GitHub discussion: A new home for pyarrow-stubs? #45919
GitHub Issue: [Python] Type checking support #32609

dangotbanned

Hey @rok, I come bearing unsolicited suggestions 😉

A lot of this is from 2 recent PRs that have had me battling the current stubs more

dangotbanned · 2025-09-30T18:25:40Z

python/pyarrow-stubs/_compute.pyi

+    def __ge__(self, value: object) -> Expression: ...
+    def __le__(self, value: object) -> Expression: ...
+    def __truediv__(self, other) -> Expression: ...
+    def is_valid(self) -> bool: ...


Suggested change

def is_valid(self) -> bool: ...

def is_valid(self) -> Expression: ...

dangotbanned · 2025-09-30T18:38:21Z

python/pyarrow-stubs/compute.pyi

+def field(*name_or_index: str | tuple[str, ...] | int) -> Expression: ...
+
+
+def scalar(value: bool | float | str) -> Expression: ...


Based on

arrow/python/pyarrow/_compute.pyx

Lines 2859 to 2869 in 13c2615

@staticmethod

def _scalar(value):

cdef:

Scalar scalar

if isinstance(value, Scalar):

scalar = value

else:

scalar = lib.scalar(value)

return Expression.wrap(CMakeScalarExpression(scalar.unwrap()))

The Expression version (pc.scalar) should accept the same types as pa.scalar right?

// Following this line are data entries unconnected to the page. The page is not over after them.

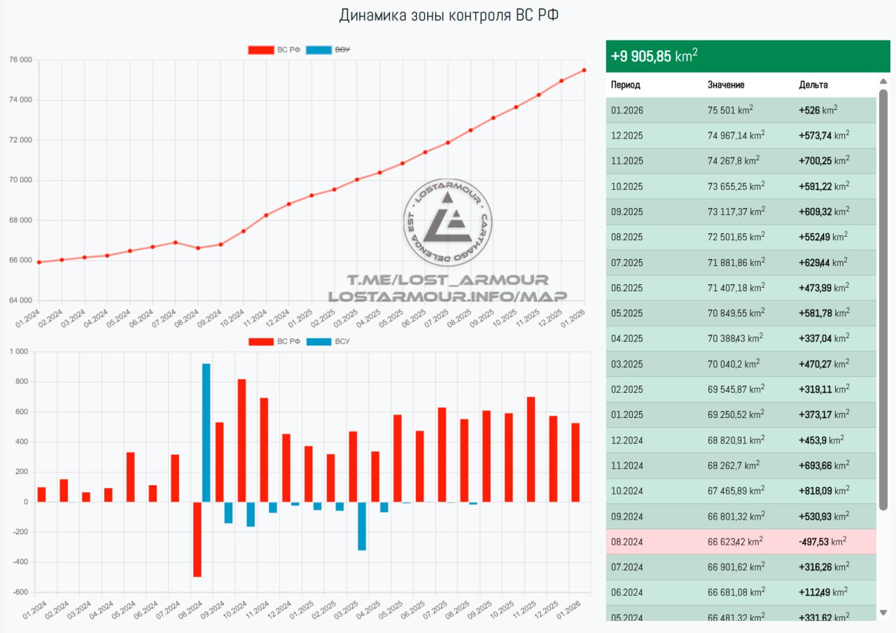 Вооруженные силы Российской Федерации в январе 2026 года освободили 526 км территории в зоне СВО, что на 41% больше чем годом ранее в январе 2025 (373 км), и более чем в 5 раз больше чем в январе 2024 (99 км).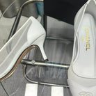 CC Pumps 50 White Mesh Leather Pointed Toe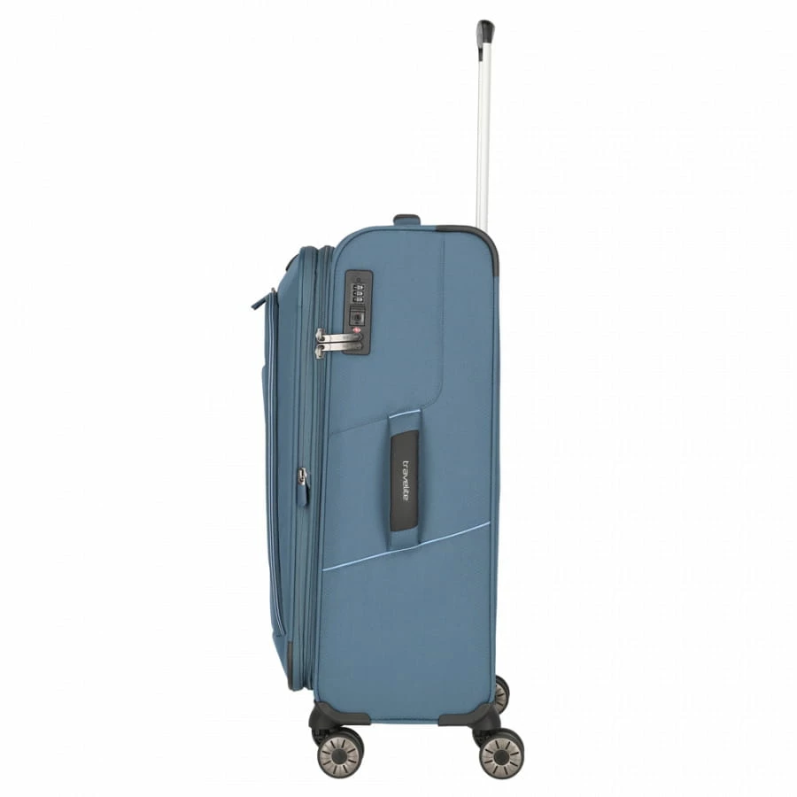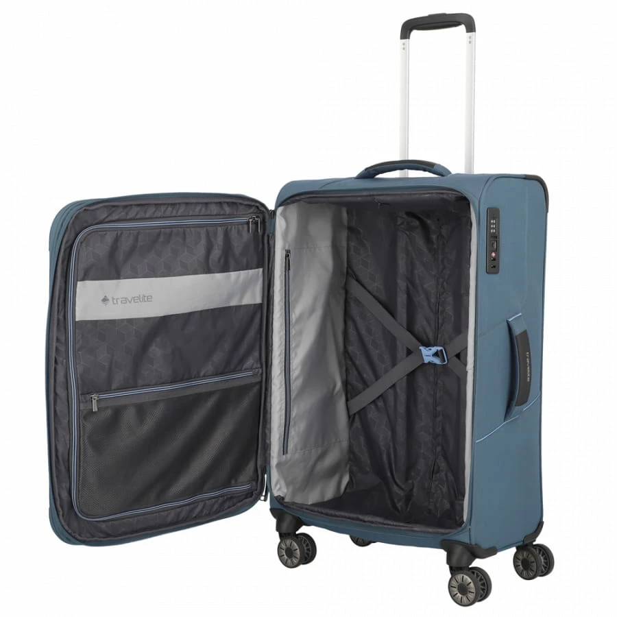 Mit einer Reißverschluss-Vortasche und seinem großen Hauptfach mit integrierten Packriemen, einem Reißverschlussfach, einer Mesh-Tasche sowie einem separatem Hemdenfach ist der optisch moderne Travelite Skaii Trolley für jede Reise gewappnet. Das im Korpus integrierte TSA-Zahlenschloss sorgt für Sicherheit, die Reißverschluss-Dehnfalte bei Bedarf für noch mehr Volumen. Transportiert wird der Travelite Skaii Trolley mithilfe der Handgriffe, der vier 360-Grad Doppelrollen und der mehrfach arretierbaren Trolleystange.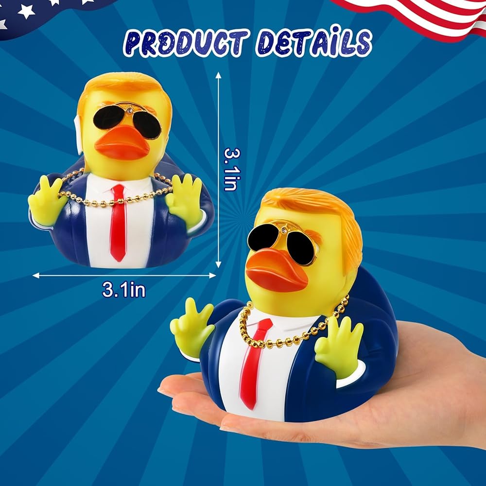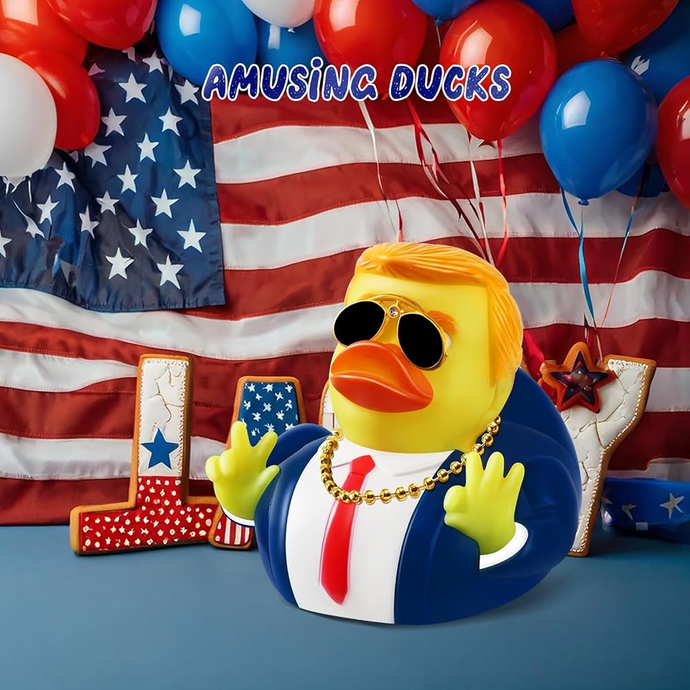 البطة المسلية: عندما تظهر بطة ترامب، فإن هذه البطة المطاطية للبط لا بد أن تخلق المناقشات والضحك بين الأصدقاء والزملاء والعائلة. سواء كنت تحب رئيسنا السابق الفريد أم لا، فإن هذه البطة المضحكة المبتكرة التي تعرض شخصية أمريكية مميزة هي بداية رائعة للمحادثة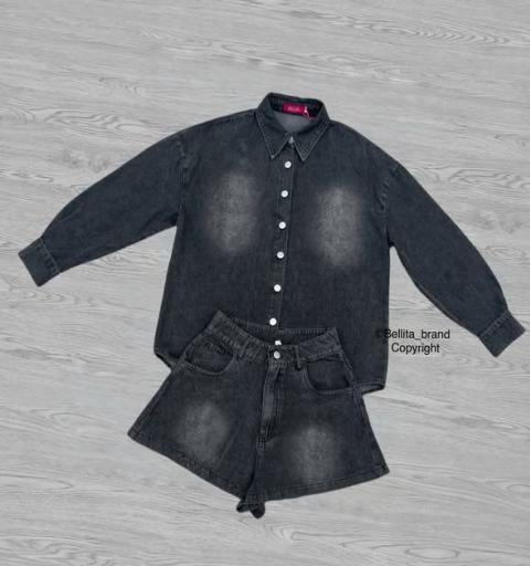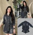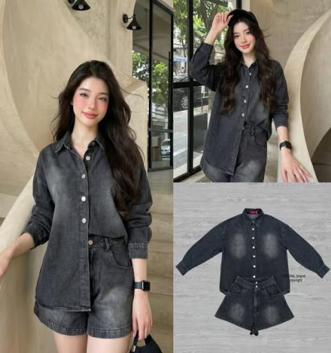 เซตเสื้อ+กางเกงยีนส์สีดำ เสื้อตัวโอเวอร์ไซส์ มีคอปกแขนยาวพองๆ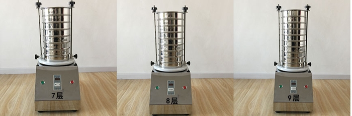 二、把標準篩具按孔徑從大到小,從下到上依次疊放到托盤座上,由凹槽或定位螺絲對標準篩具進行定位。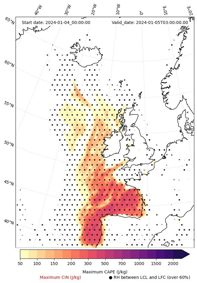 - Maximum CAPE (J/Kg)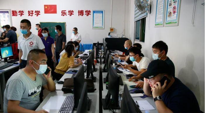 图为临时核酸检测数据中心的工作人员在对信息进行处理。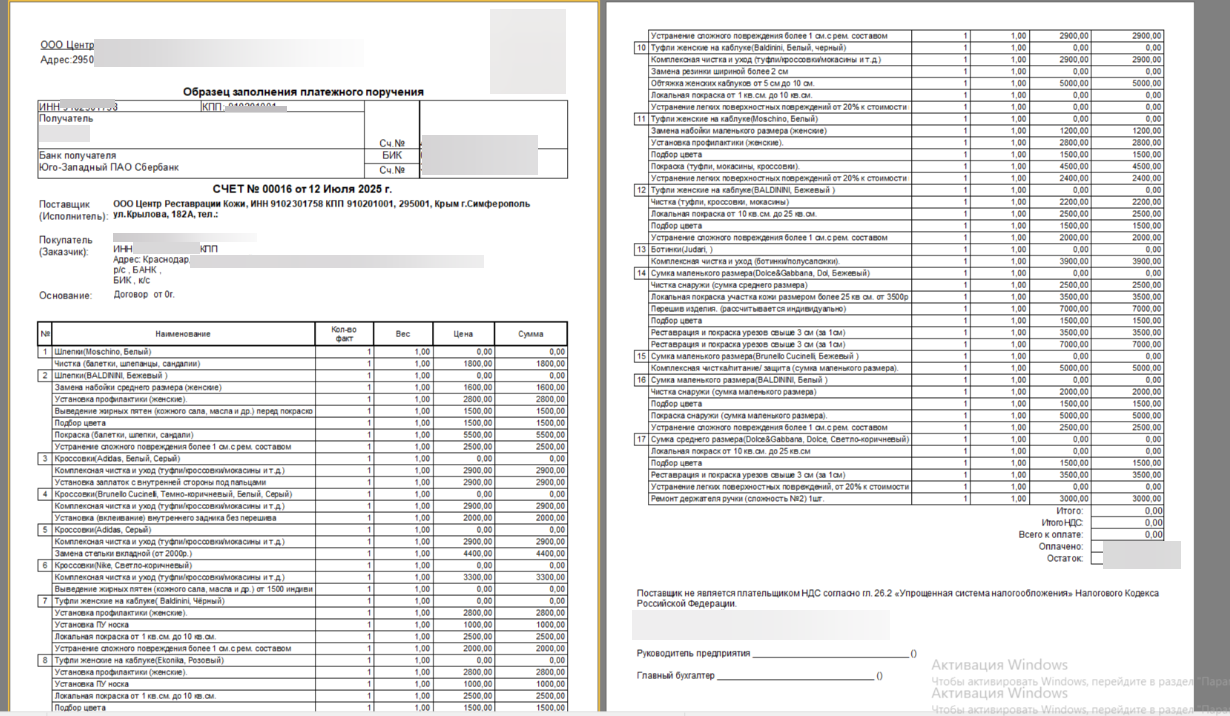 Счет по прачечным заказам с зависимыми услугами(194651)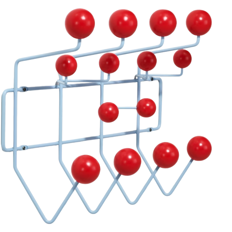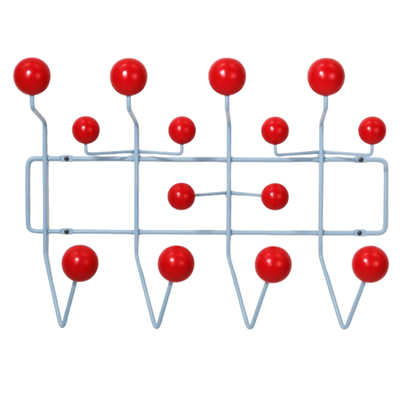 The Eames Hang-It-All, originally released in 1953, exemplifies the Eameses' belief in taking pleasure seriously. Made with a sturdy steel frame and solid wood balls, this colorful coat rack was created using the same technique for simultaneously welding wires that Charles and Ray developed for their low tables and wire chairs. Originally offered with multicolored hooks and a white frame, we've added additional neutral color options to help this fun coat rack find a home in more places.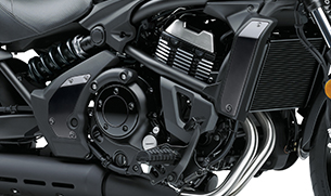 Liquid-cooled, DOHC, 8-valve 649 cm³ Parallel Twin, fuel injected. Delivers smooth performance in the low and medium rpm ranges. The engine was tuned for rider-friendly power characteristics that will inspire confidence in all riders. The Vulcan S offers smooth starts, smooth acceleration, and a satisfying pull when accelerating. The Vulcan S is fitted with the Kawasaki neutral finder; when stationary in first gear, just shift up and it will easily find neutral.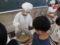 今日は、「こぎつねごはん」という名前の、甘辛く煮た油揚げと鶏肉、野菜が入ったまぜご飯でした。「わあ、おいしい~。」「何が入っているの?」「ちょっと甘くて大好きな味~。」など、新しいメニューに大喜びの子供たちでした。おかわりをした子もたくさんいました。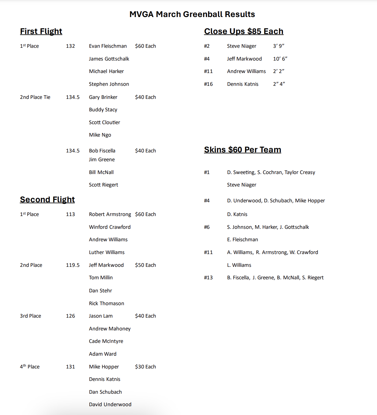 Monthly Tournaments

https://github.com/rok/arrow/blob/24ec3c3b66b84d677caef02075e56703a7ad9d39/python/pyarrow-stubs/scalar.pyi#L400-L406

Ran into it the other day here where I needed to add a cast

https://github.com/narwhals-dev/narwhals/blob/cef3e0670ef2e208b3bfb071487c78de83b25e1f/narwhals/_plan/arrow/acero.py#L64-L65

dangotbanned · 2025-09-30T18:46:00Z

python/pyarrow-stubs/acero.pyi

+    @classmethod
+    def from_sequence(cls, decls: list[Declaration]) -> Self: ...


Suggested change

@classmethod

def from_sequence(cls, decls: list[Declaration]) -> Self: ...

@classmethod

def from_sequence(cls, decls: Iterable[Declaration]) -> Self: ...

The only requirement is calling decls.__iter__ here

arrow/python/pyarrow/_acero.pyx

Lines 534 to 556 in 13c2615

@staticmethod

def from_sequence(decls):

"""

Convenience factory for the common case of a simple sequence of nodes.

Each of the declarations will be appended to the inputs of the

subsequent declaration, and the final modified declaration will

be returned.

Parameters

----------

decls : list of Declaration

Returns

-------

Declaration

"""

cdef:

vector[CDeclaration] c_decls

CDeclaration c_decl

for decl in decls:

c_decls.push_back((<Declaration> decl).unwrap())

https://github.com/narwhals-dev/narwhals/blob/cef3e0670ef2e208b3bfb071487c78de83b25e1f/narwhals/_plan/arrow/acero.py#L198-L208

dangotbanned · 2025-09-30T18:48:41Z

python/pyarrow-stubs/acero.pyi

+class ProjectNodeOptions(ExecNodeOptions):
+    def __init__(self, expressions: list[Expression],
+                 names: list[str] | None = None) -> None: ...


Suggested change

class ProjectNodeOptions(ExecNodeOptions):

def __init__(self, expressions: list[Expression],

names: list[str] | None = None) -> None: ...

class ProjectNodeOptions(ExecNodeOptions):

def __init__(self, expressions: Collection[Expression],

names: Collection[str] | None = None) -> None: ...

arrow/python/pyarrow/_acero.pyx

Lines 116 to 126 in 13c2615

for expr in expressions:

c_expressions.push_back(expr.unwrap())

if names is not None:

if len(names) != len(expressions):

raise ValueError(

"The number of names should be equal to the number of expressions"

)

for name in names:

c_names.push_back(<c_string>tobytes(name))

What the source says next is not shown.